WORK REQUIRED ▸
Retyping should cover only the lines from the one containing "F6045 SMC浴缸(無牆,不含龍頭) NT$ 13,800" through the final line of the records, with pictures omitted.

DATA RECORDS ▸
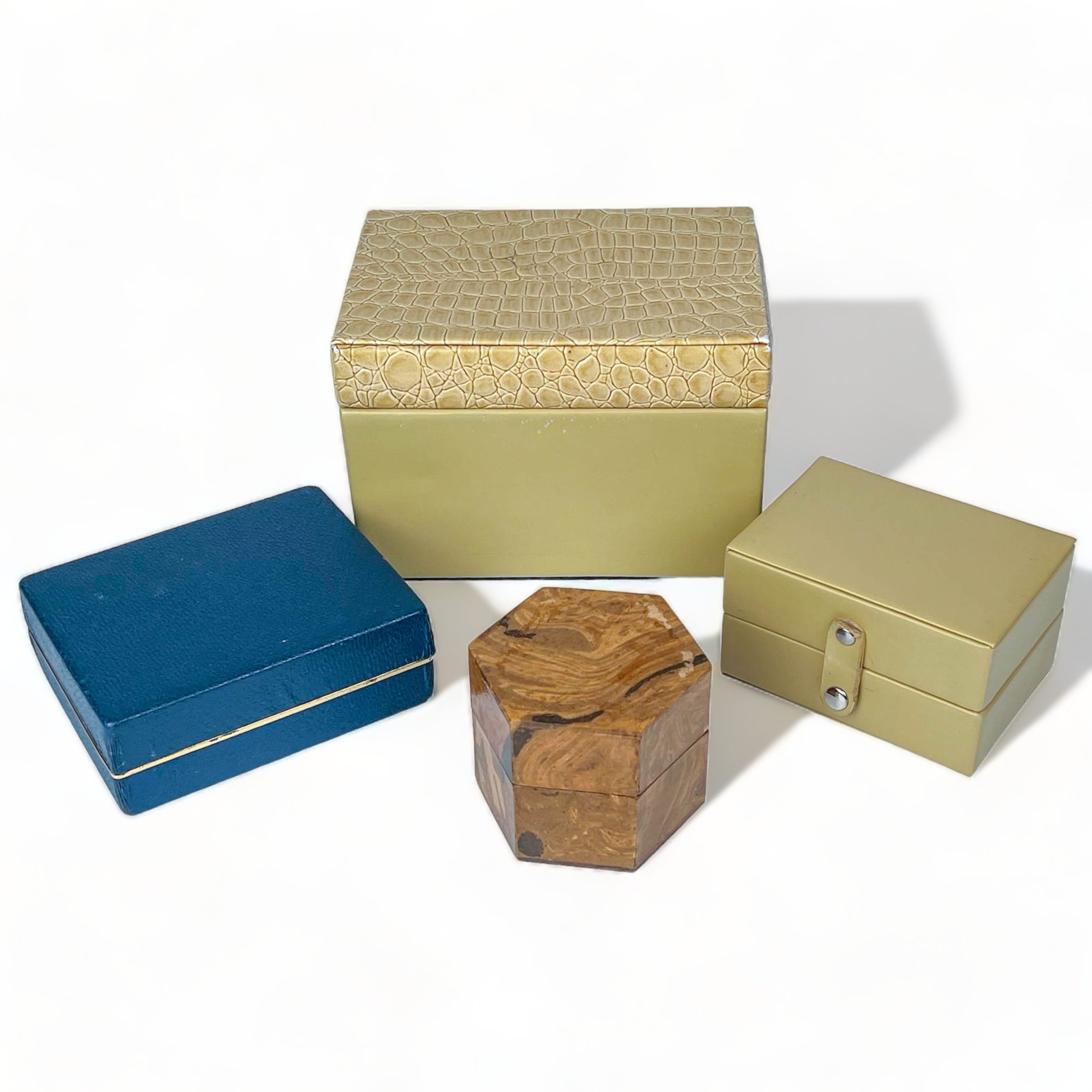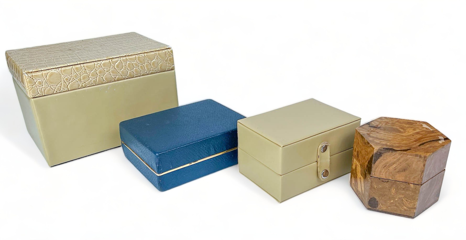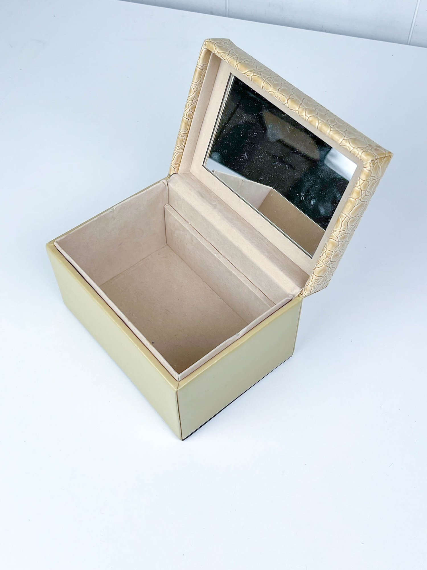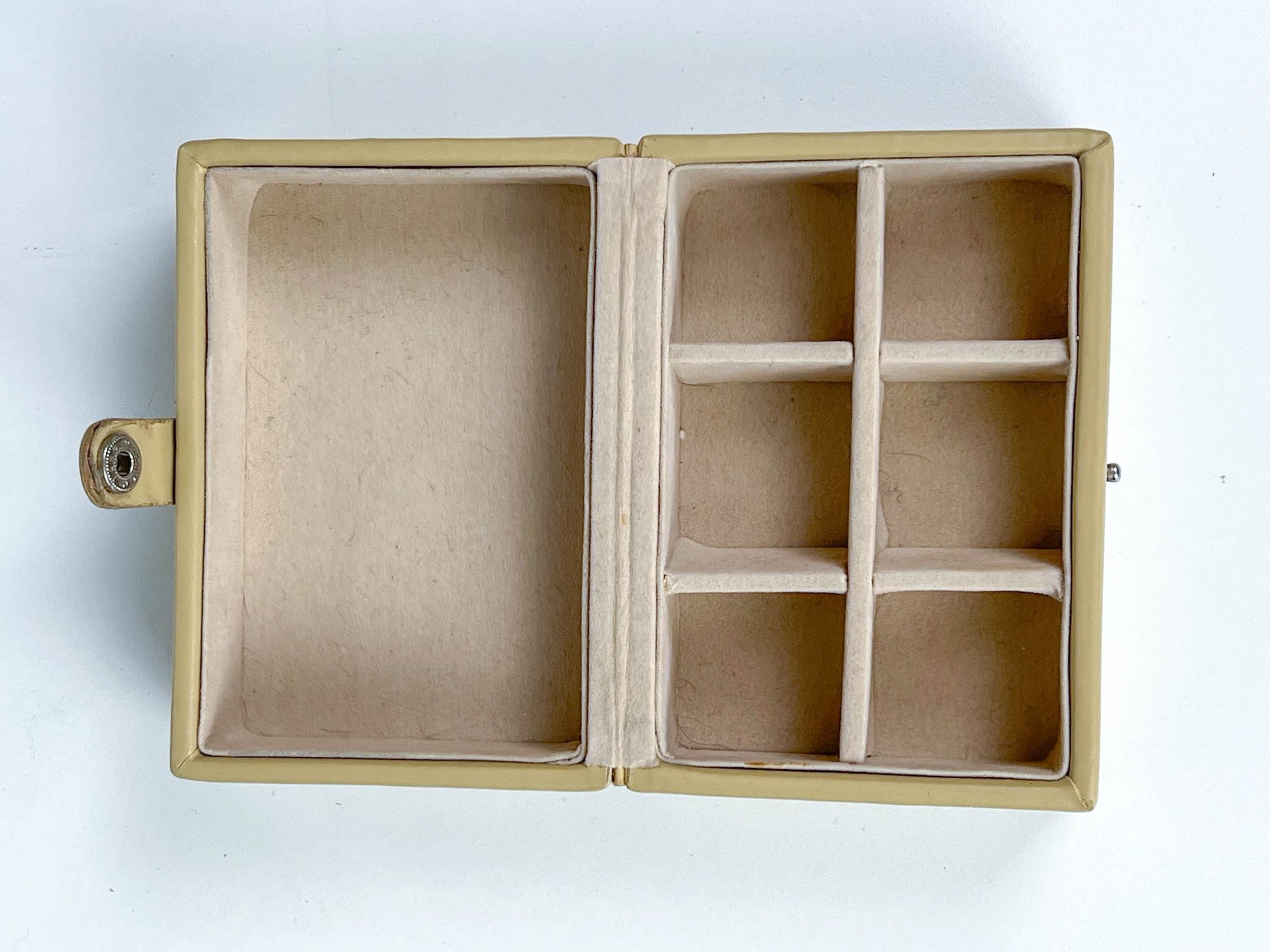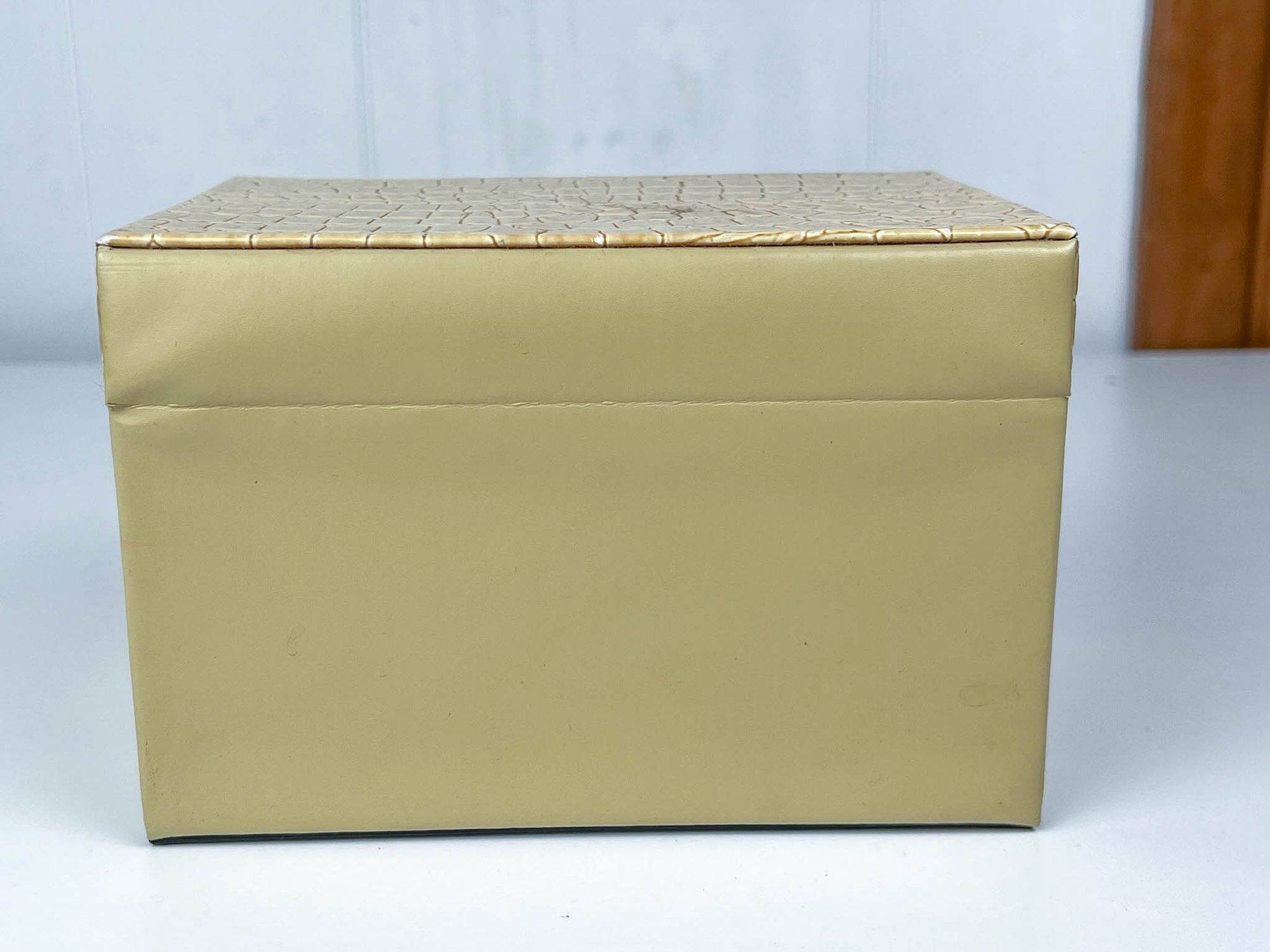 Tan Pleather Box W 4 1/2" H 3" D 2 1/2"
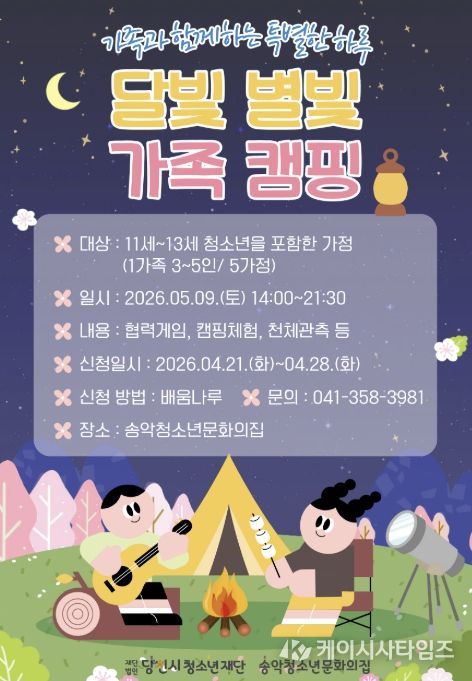 (케이시사타임즈) 송악청소년문화의집은 가족 간 소통과 유대감 강화를 위한 ‘2026년 가족캠핑 프로그램 달빛·별빛 가족캠핑’ 참가자를 모집한다.
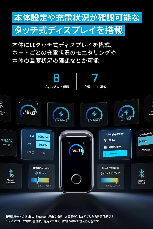 本記事では「【Anker Prime Charger (160W, 3 Ports) レビュー】GaN+タッチ式ディスプレイ搭載で充電がスマートに」について書きました。
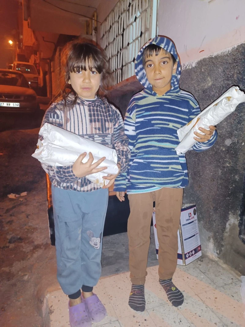 Öte yandan, Düztepe Mahallesi’nde ise gündüz saatlerinde siparişi verilen 150 adet döner, ayran ve tatlı ihtiyaç sahiplerine ulaştırıldı. Dürümler Adil Usta’dan temin edildi.
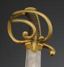 Brass hilt. Three-branch guard, with the two secondary branches terminating in a droplet shape at the lower part. Pommel with a long tang. Handle made of wood covered in black waxed calf leather with copper filigree. Curved blade with double grooves on each side, ribbed back, length 84.2 cm, engraved with military trophies and golden floral motifs on the first third against a blue background. Steel scabbard with three brass fittings. Protruding cup, belt rings decorated with fleurons framed by flat moldings, adorned with raised moldings, just like the belt loops.
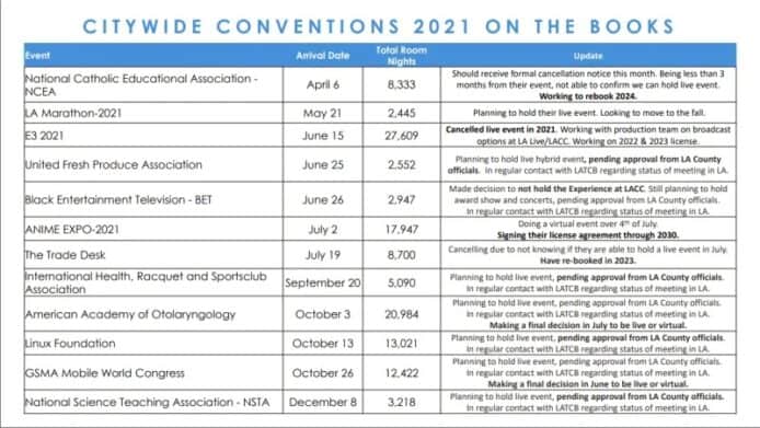 有網民發現洛杉磯的會議和旅遊發展委員會,早前已經在官網公佈了今年 4 至 12 月,當地的大型展覽活動和安排。根據委員會的說法,E3 2021 原定在 6 月 15 日舉行,實體展覽活動已經取消,委員會表示會與主辦單位的製作團隊洽談在兩個場地進行廣播,並且有關 2022 和 2023 的活動舉辦安排。
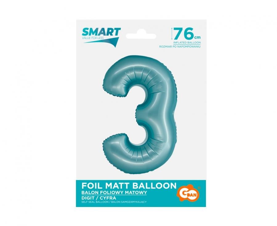 Фолиев балон цифра 3 в цвят светло син - има размер 30''/76см., в надуто състояние.
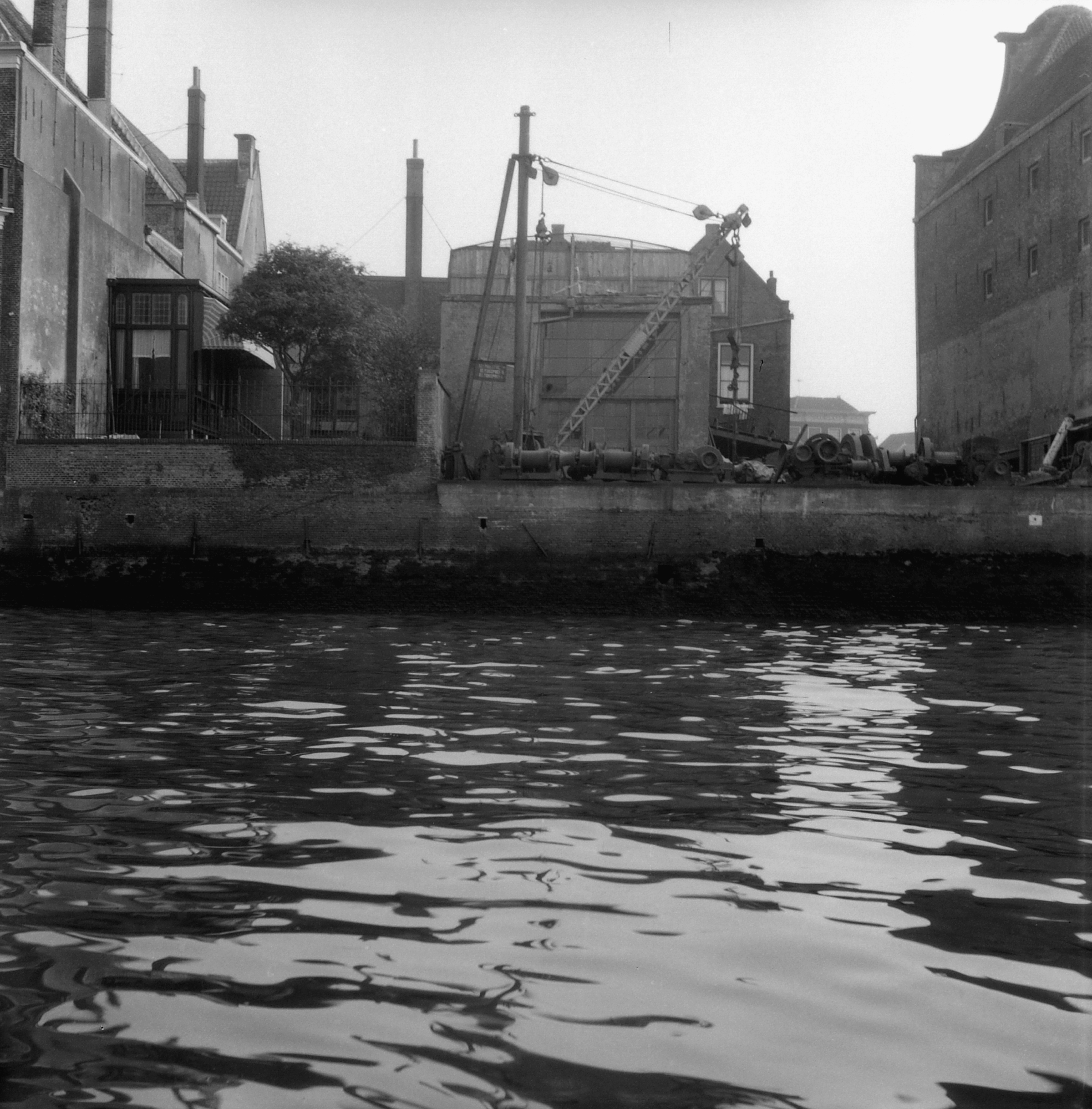 Achterkant huizen aan de Wolwevershaven vanaf de Oude Maas
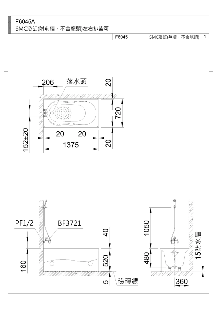 F6045 SMC浴缸(無牆,不含龍頭) NT$ 13,800
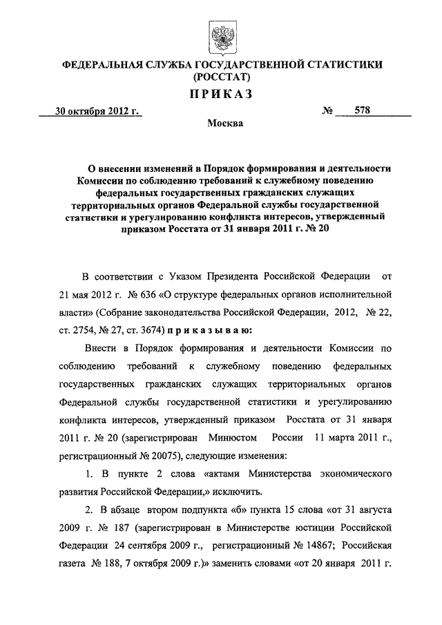 ПРИКАЗ Росстата от 30.10.2012 N 578
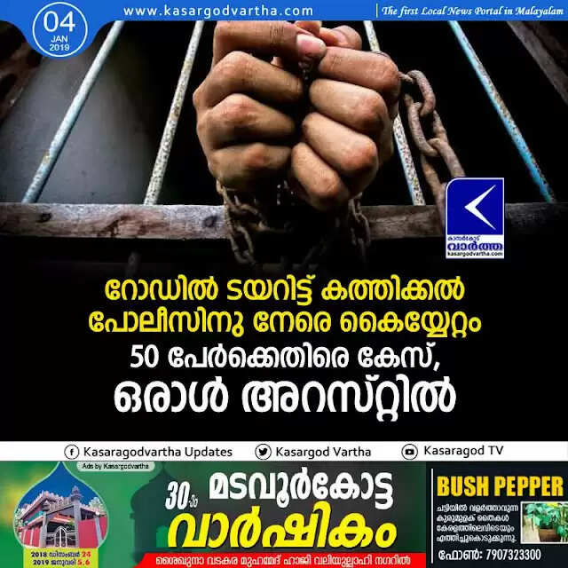 റോഡില് ടയറിട്ട് കത്തിക്കല്, പോലീസിനു നേരെ കൈയ്യേറ്റം; 50 പേര്ക്കെതിരെ കേസ്, ഒരാള് അറസ്റ്റില്

RESPONSE TO THE EXERCISE ▸
 F6045 SMC浴缸(無牆,不含龍頭) NT$ 13,800
 ПРИКАЗ Росстата от 30.10.2012 N 578
 റോഡില് ടയറിട്ട് കത്തിക്കല്, പോലീസിനു നേരെ കൈയ്യേറ്റം; 50 പേര്ക്കെതിരെ കേസ്, ഒരാള് അറസ്റ്റില്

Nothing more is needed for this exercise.